Going from the line that contains "Contoh Surat Perjanjian" through the last line of the records, set down each line again exactly, both included, with pictures left out.

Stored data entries
--

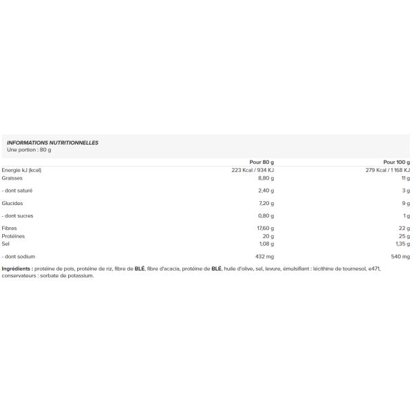 Ingredientes: proteína de ervilha, proteína de arroz, fibra de TRIGO, fibra de acácia, proteína de TRIGO, azeite, sal, levedura, emulsionante: lecitina de girassol, e471, conservantes: sorbato de potássio.
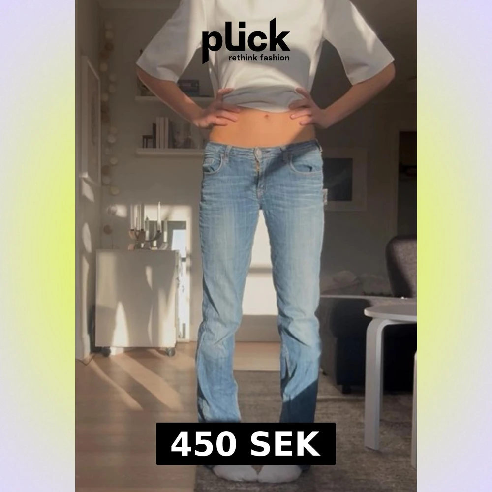 Säljer ett par klassiska blå jeans från Levis med låg midja som inte finns längre. Dessa är fint insydda i midjan som inte synes. Passar mig perfekt som är 174cm och har storlek 34/36
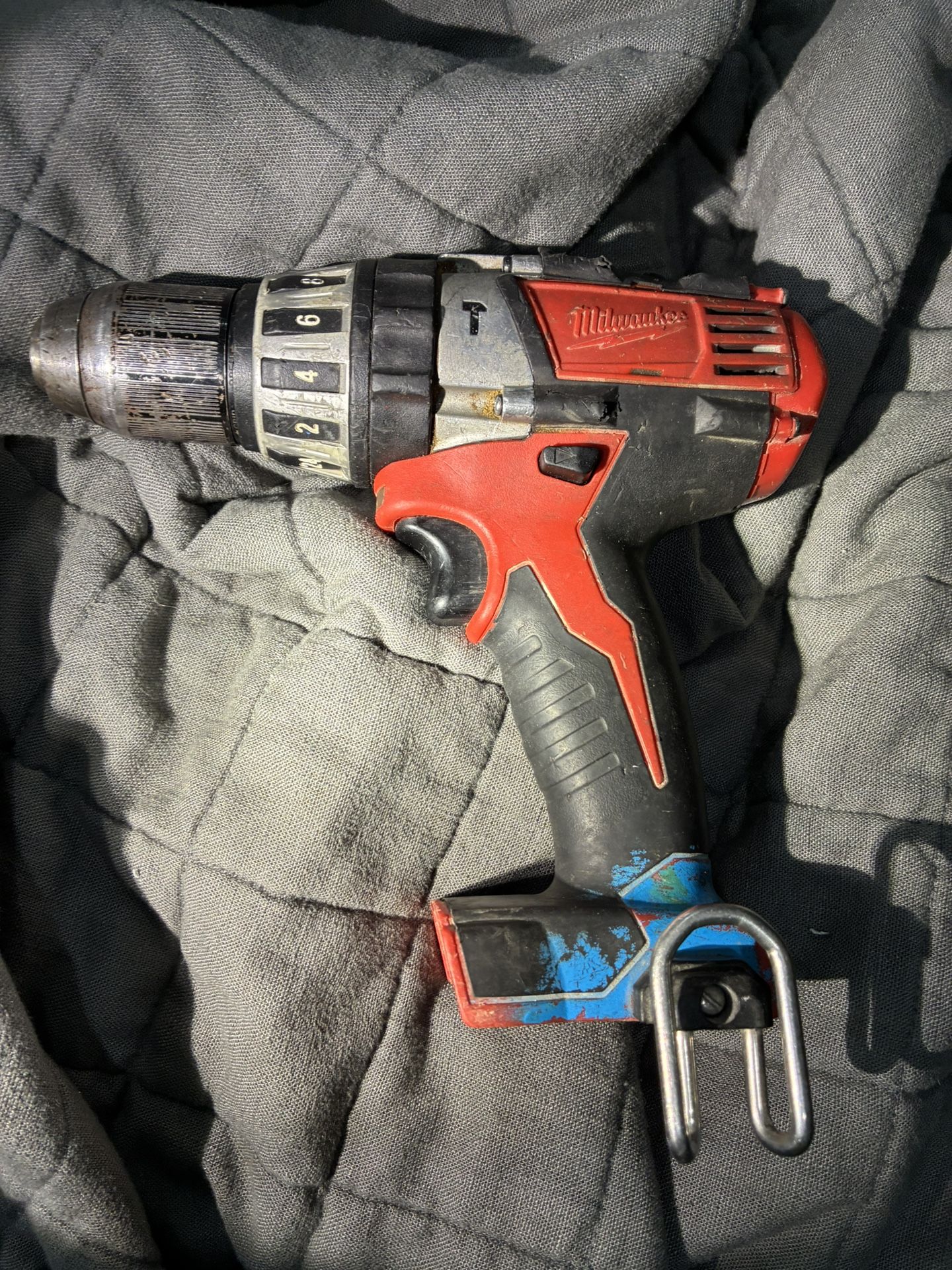 Milwaukee hammer drill has very strong belt clip on it and will put in screws but makes grinding noises
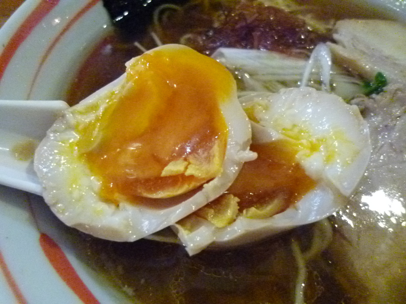 味玉は素晴らしい半熟加減にきりっと濃いめな味付け。黄身が大きく玉子の風味が口の中に溢れます。これはもう満点レベルですね。どっか良い玉子を使ってるのかなぁ。
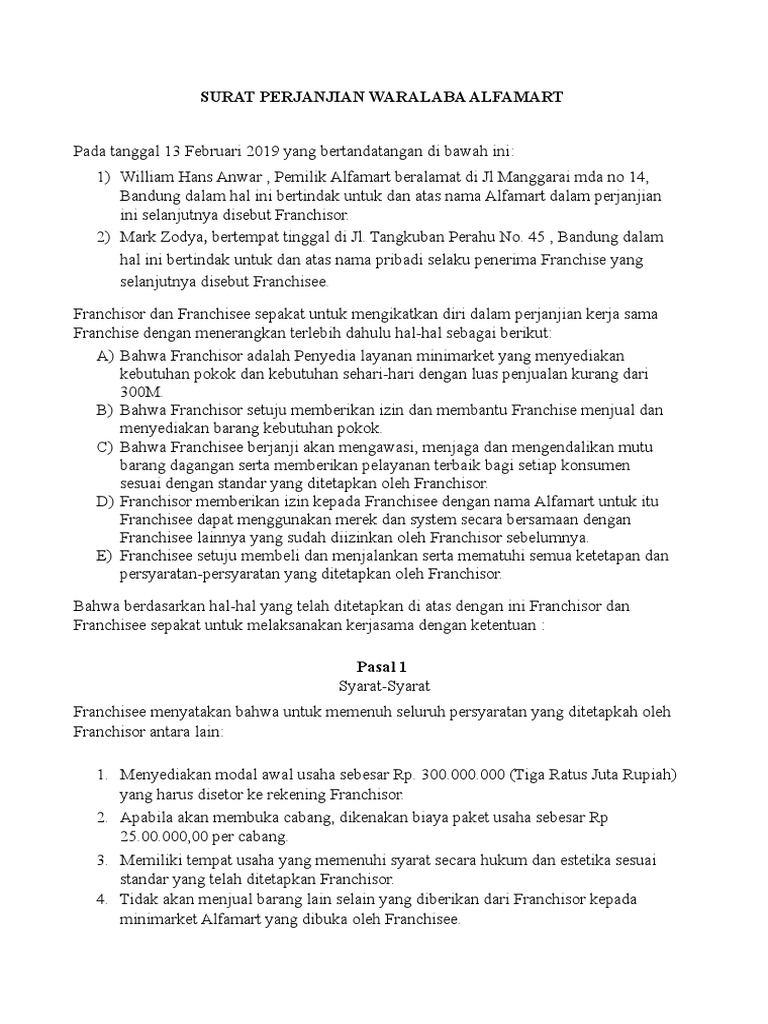 Contoh Surat Perjanjian Waralaba Indomaret - Download Kumpulan Gambar
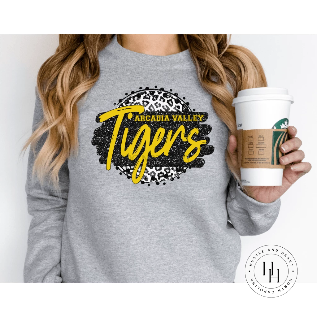 Promo 😉 Hustle & Heart NC Arcadia Valley Tigers Grey Leopard Graphic Tee 🔥
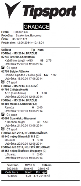Propadák Italů, Angličanů a především obhájců titulu ze Španělska znamenal pro sázkové kanceláře žně. Bookmakeři si totiž vždy spokojeně mnou ruce, když se papírovým favoritům nedaří. Tragické výsledky evropských týmů nabitých hvězdami nakonec zazdily statisíce tiketů a sázkaři se mohli jen drbat za uchem. Na letošní šampionát tak určitě nebude vzpomínat v dobrém tipér, který si u Tipsportu vsadil tři sta tisíc na to, že Španělsko porazí Chile a Nizozemsko zvítězí nad Austrálií alespoň o dvě branky. Ani jedna z příležitostí nevyšla a tak se peníze stěhovaly na účet sázkové kanceláře. U Fortuny zase stejnou sumu prohrál člověk, který v utkání Belgie versus Rusko spoléhal na vítězství sborné. A na ruskou reprezentaci bude jistě naštvaný i sázkař, který na tiket poskládal dvanáct zápasů s vyšším kurzem a vsazenou stovku tak mohl při stoprocentní úspěšnosti proměnit v rovný milion. Bohužel mu ale oslavy pokazila remíza Ruska s Alžírskem.

--

Written response:
 Contoh Surat Perjanjian Waralaba Indomaret - Download Kumpulan Gambar
 Promo 😉 Hustle & Heart NC Arcadia Valley Tigers Grey Leopard Graphic Tee 🔥
Propadák Italů, Angličanů a především obhájců titulu ze Španělska znamenal pro sázkové kanceláře žně. Bookmakeři si totiž vždy spokojeně mnou ruce, když se papírovým favoritům nedaří. Tragické výsledky evropských týmů nabitých hvězdami nakonec zazdily statisíce tiketů a sázkaři se mohli jen drbat za uchem. Na letošní šampionát tak určitě nebude vzpomínat v dobrém tipér, který si u Tipsportu vsadil tři sta tisíc na to, že Španělsko porazí Chile a Nizozemsko zvítězí nad Austrálií alespoň o dvě branky. Ani jedna z příležitostí nevyšla a tak se peníze stěhovaly na účet sázkové kanceláře. U Fortuny zase stejnou sumu prohrál člověk, který v utkání Belgie versus Rusko spoléhal na vítězství sborné. A na ruskou reprezentaci bude jistě naštvaný i sázkař, který na tiket poskládal dvanáct zápasů s vyšším kurzem a vsazenou stovku tak mohl při stoprocentní úspěšnosti proměnit v rovný milion. Bohužel mu ale oslavy pokazila remíza Ruska s Alžírskem.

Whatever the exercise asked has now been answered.